NGT takes suo motu cognisance of textile waste crisis in Bengaluru
NGT report highlights unsafe disposal practices, including mixing hazardous cotton waste with domestic trash, raising pollution risks

In the heart of India’s ‘garment capital’, where threads of fashion weave fortunes, a darker trail of waste and pollution has begun to unravel.
Alarmed by this toxic underside of Bengaluru’s booming textile industry, the National Green Tribunal (NGT) has stepped in, taking suo motu cognisance of the crisis.
Acting on the report “Bengaluru’s garment boom leaves a toxic trail”, a Bench led by NGT chairperson Justice Prakash Shrivastava registered a suo moto case, flagging the environmental dangers posed by nearly 5,000 tonnes of fabric waste generated annually in the city. The bench also included expert members Dr. A. Senthil Vel, Sudhir Kumar Chaturvedi, and Dr. Sujit Kumar Bajpayee.

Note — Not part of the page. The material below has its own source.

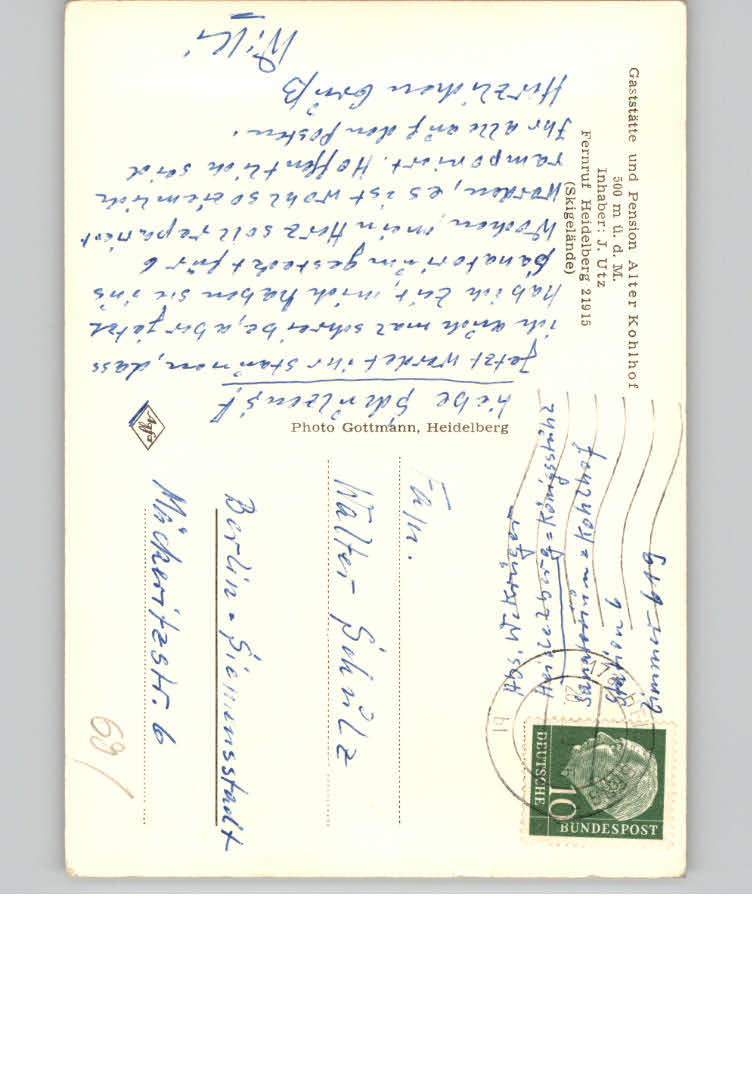 31148280 Heidelberg Neckar Gaststaette – Pension Alter Kohlhof postalisch nicht gelaufen KatCode: 11110008221000

A study by the Institute for Social and Economic Change (ISEC) revealed that while export-oriented factories often manage waste responsibly, smaller units and tailoring shops routinely dump fabric scraps with household garbage, intensifying the crisis. The tribunal observed that only 40 per cent of Bengaluru’s textile waste is recycled in hubs like Tiruppur and Panipat, while about 20 per cent is downcycled into low-grade items such as mattresses and dolls. These, however, last barely a decade before ending up in landfills or being incinerated.
The report also highlighted unsafe disposal practices, including mixing hazardous cotton waste with domestic trash, raising pollution risks. Workers in the sector, the tribunal noted, often endure hazardous conditions without proper safety equipment or social protection.
In its order dated 2 September, the NGT said the violations point to lapses under the Environment (Protection) Act, 1986, the Hazardous and Other Wastes (Management and Transboundary Movement) Rules, 2016, and the Air (Prevention and Control of Pollution) Act, 1981.
The tribunal impleaded multiple authorities as respondents—the Karnataka State Pollution Control Board, Bruhat Bengaluru Mahanagara Palike (BBMP), Central Pollution Control Board (CPCB), and the Union Ministry of Environment, Forest and Climate Change (MoEF&CC), through its Bengaluru regional office. The case has been transferred to the NGT’s Southern Zonal Bench in Chennai, which will hear it next on 9 October.
The order directed all respondent authorities to file affidavits at least one week before the next hearing and mandated their virtual presence if replies are submitted directly without routing through advocates.